- TASK DETAILS: Omit the pictures and return exactly the stretch of the material below from the line with "Schijndel - Ook" through the line with "フリル ソファーカバー 肘あり".
(PROVIDED ENTRIES Opens)
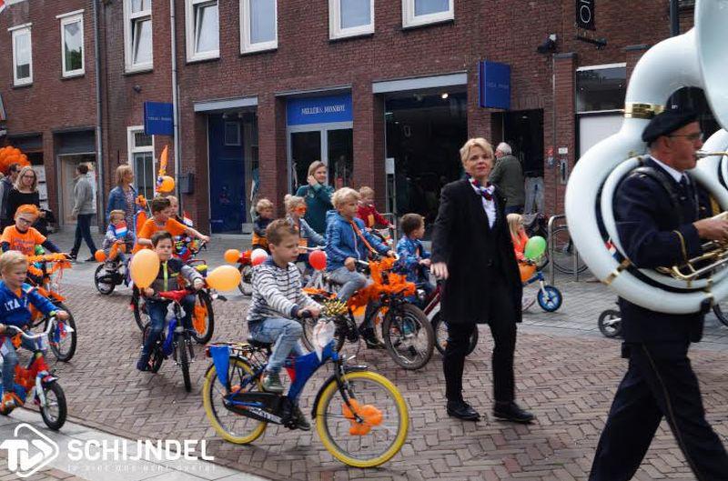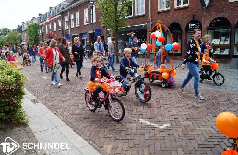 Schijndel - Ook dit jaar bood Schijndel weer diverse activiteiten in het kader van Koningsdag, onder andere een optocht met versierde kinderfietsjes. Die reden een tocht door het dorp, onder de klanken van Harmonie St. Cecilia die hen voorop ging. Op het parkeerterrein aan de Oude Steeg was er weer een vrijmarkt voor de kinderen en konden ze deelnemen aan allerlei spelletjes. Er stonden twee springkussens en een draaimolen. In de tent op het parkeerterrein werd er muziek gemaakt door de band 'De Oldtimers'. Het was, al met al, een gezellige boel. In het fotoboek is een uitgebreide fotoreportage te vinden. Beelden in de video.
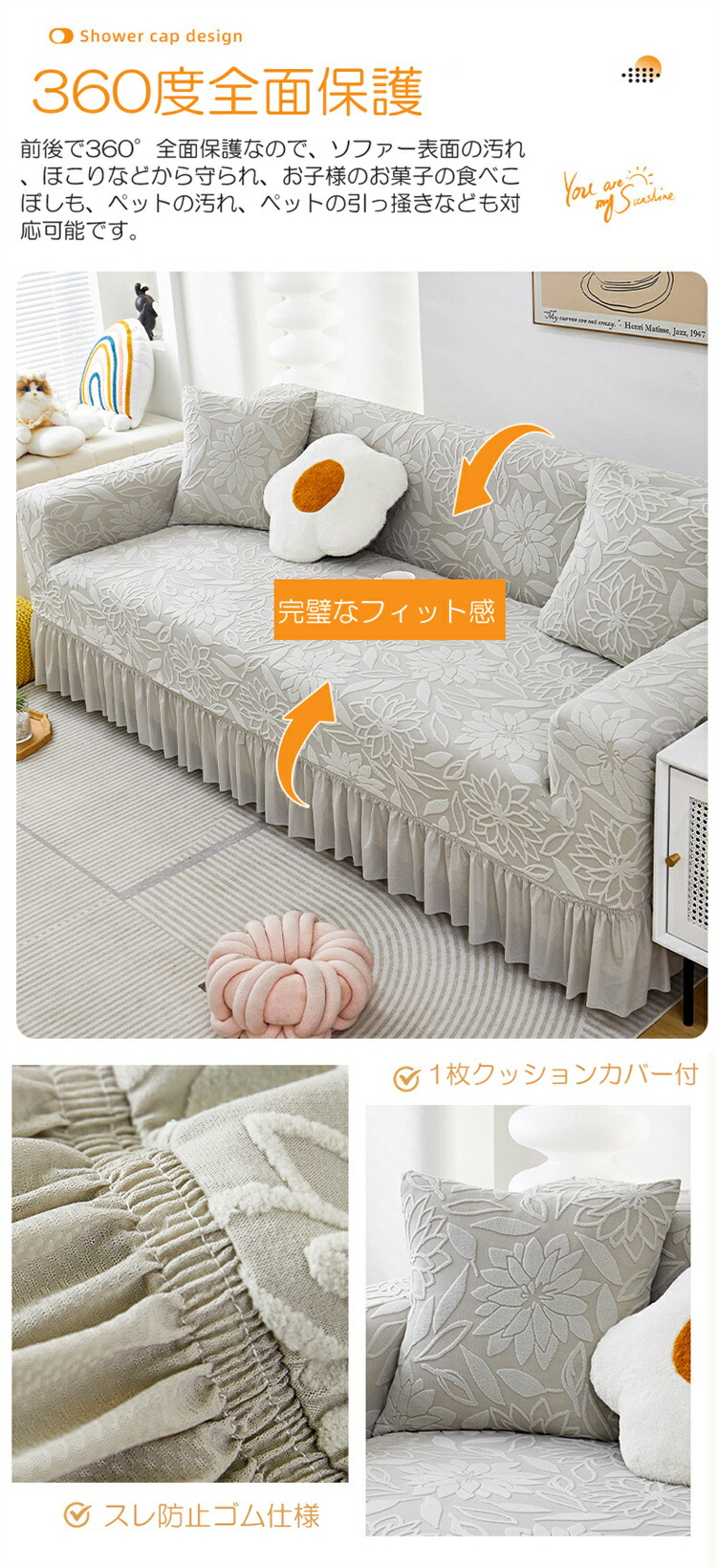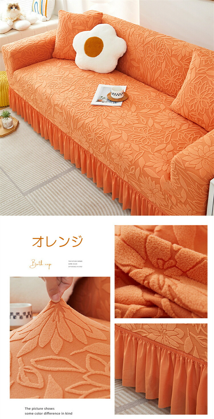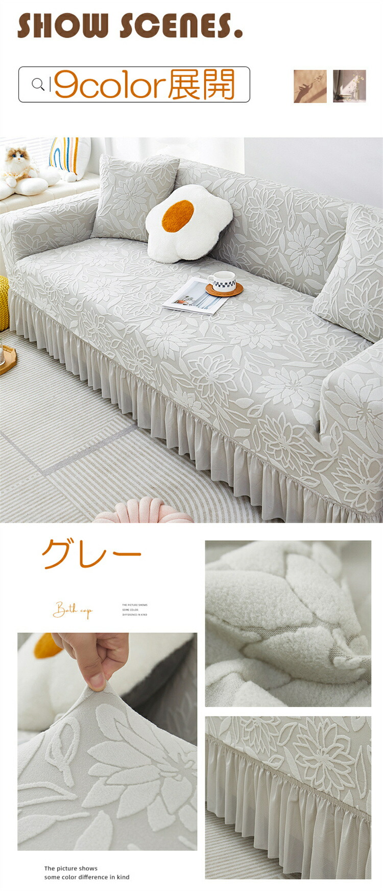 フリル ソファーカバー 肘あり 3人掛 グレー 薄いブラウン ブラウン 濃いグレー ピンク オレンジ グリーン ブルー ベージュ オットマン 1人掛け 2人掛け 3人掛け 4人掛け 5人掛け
(PROVIDED ENTRIES Closes)
(PROVIDED ENTRIES Opens)
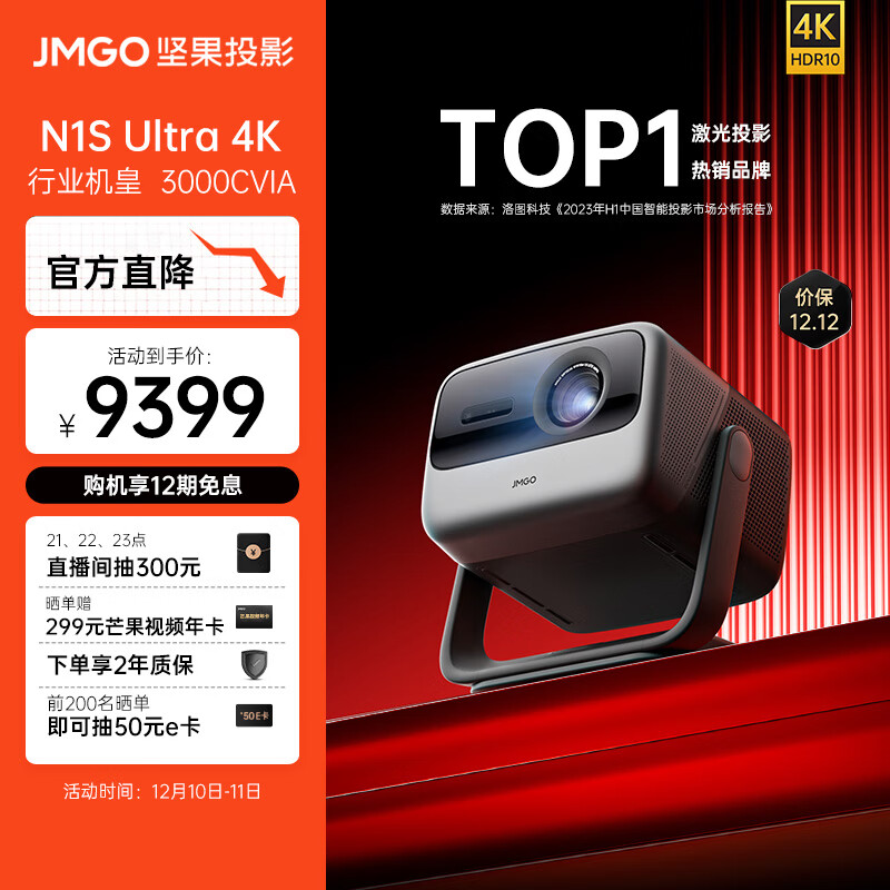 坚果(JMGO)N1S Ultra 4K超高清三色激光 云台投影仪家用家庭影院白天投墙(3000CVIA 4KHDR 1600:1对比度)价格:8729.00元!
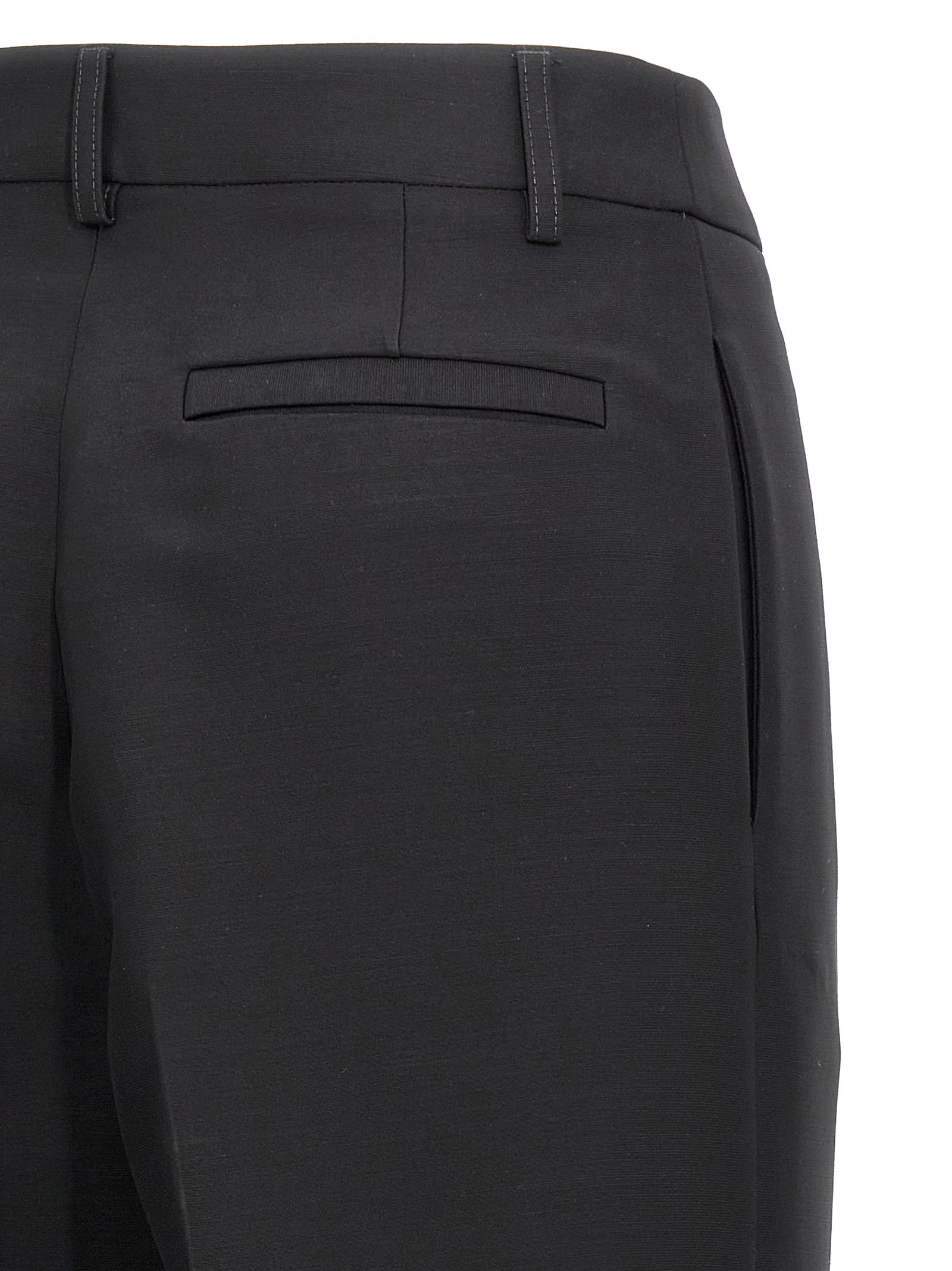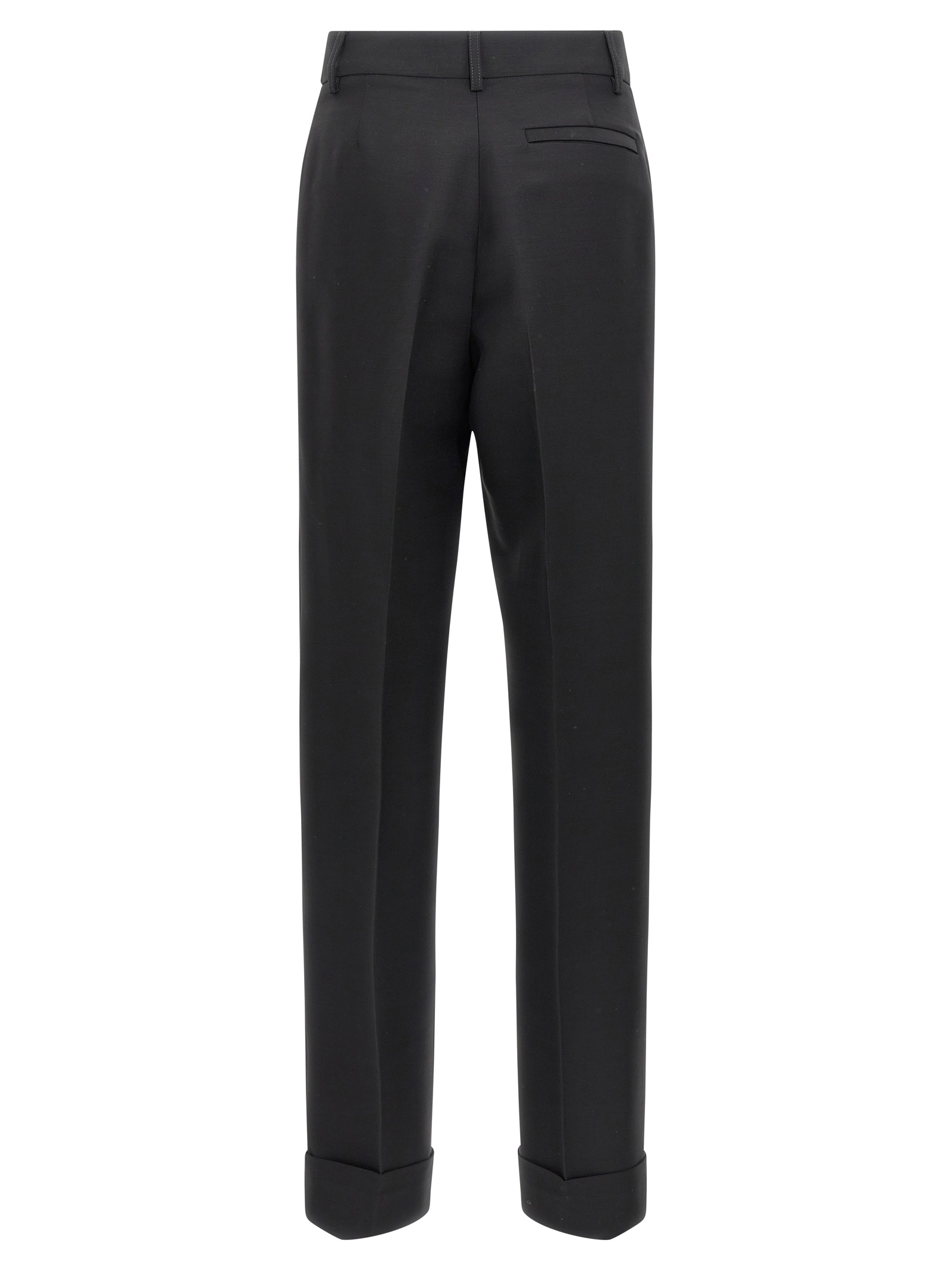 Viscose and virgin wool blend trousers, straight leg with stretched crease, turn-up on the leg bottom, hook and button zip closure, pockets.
(PROVIDED ENTRIES Closes)
(PROVIDED ENTRIES Opens)
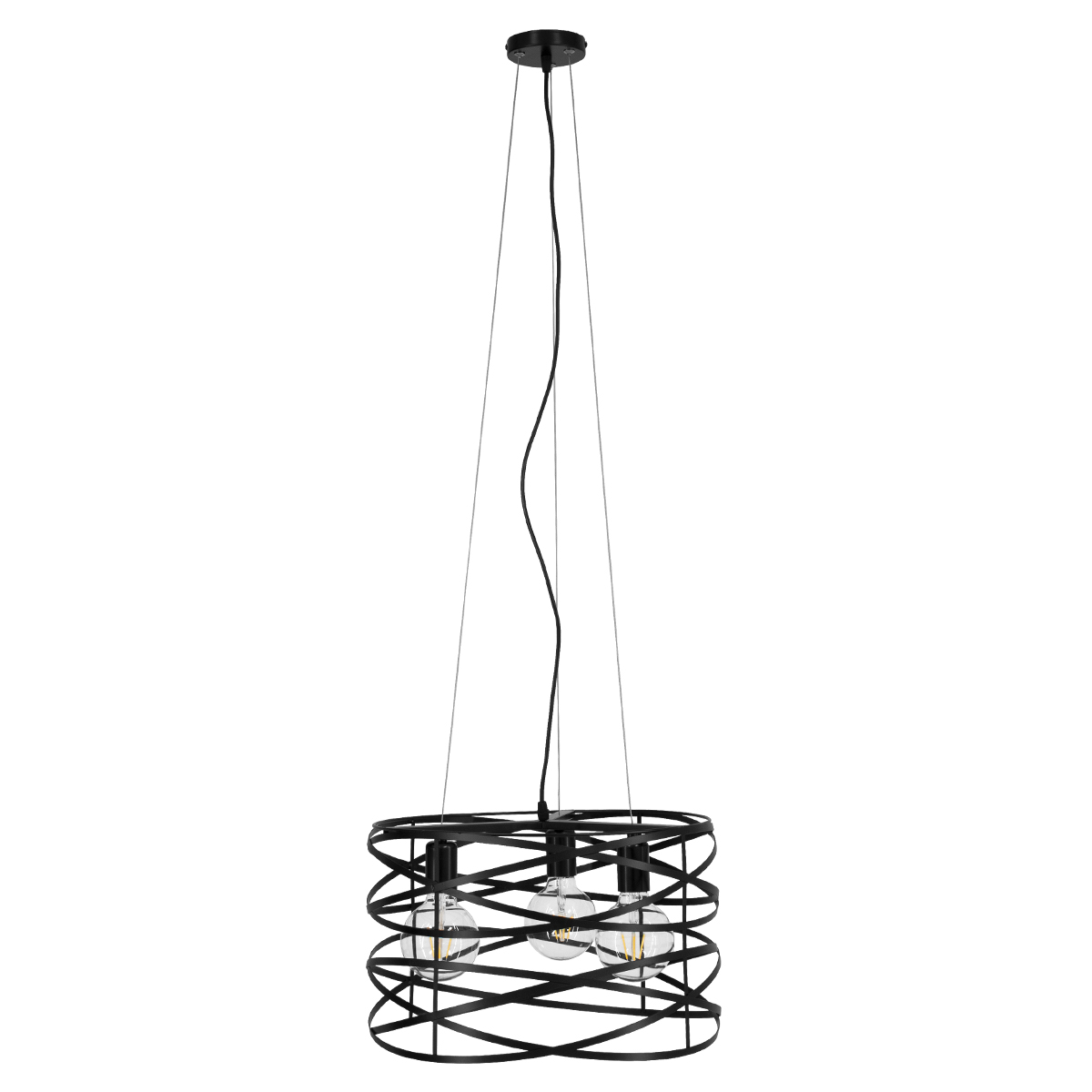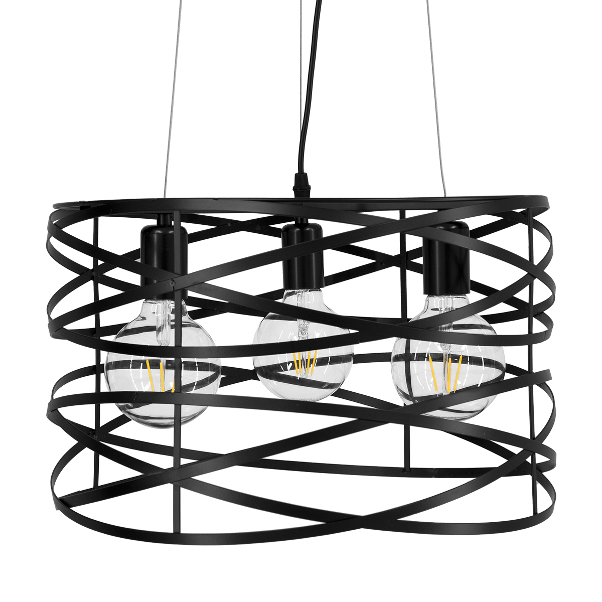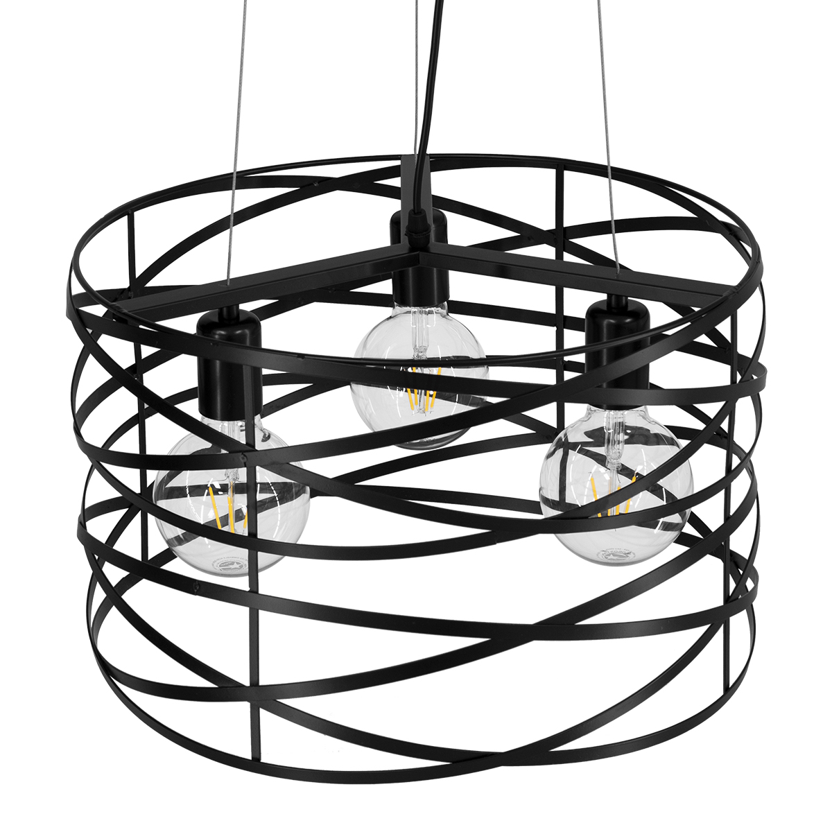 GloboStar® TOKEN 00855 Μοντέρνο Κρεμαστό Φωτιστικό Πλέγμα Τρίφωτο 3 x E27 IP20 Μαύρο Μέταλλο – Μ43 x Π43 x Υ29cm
(PROVIDED ENTRIES Closes)
- RESULT FOR THIS EXERCISE:
 Schijndel - Ook dit jaar bood Schijndel weer diverse activiteiten in het kader van Koningsdag, onder andere een optocht met versierde kinderfietsjes. Die reden een tocht door het dorp, onder de klanken van Harmonie St. Cecilia die hen voorop ging. Op het parkeerterrein aan de Oude Steeg was er weer een vrijmarkt voor de kinderen en konden ze deelnemen aan allerlei spelletjes. Er stonden twee springkussens en een draaimolen. In de tent op het parkeerterrein werd er muziek gemaakt door de band 'De Oldtimers'. Het was, al met al, een gezellige boel. In het fotoboek is een uitgebreide fotoreportage te vinden. Beelden in de video.
 フリル ソファーカバー 肘あり 3人掛 グレー 薄いブラウン ブラウン 濃いグレー ピンク オレンジ グリーン ブルー ベージュ オットマン 1人掛け 2人掛け 3人掛け 4人掛け 5人掛け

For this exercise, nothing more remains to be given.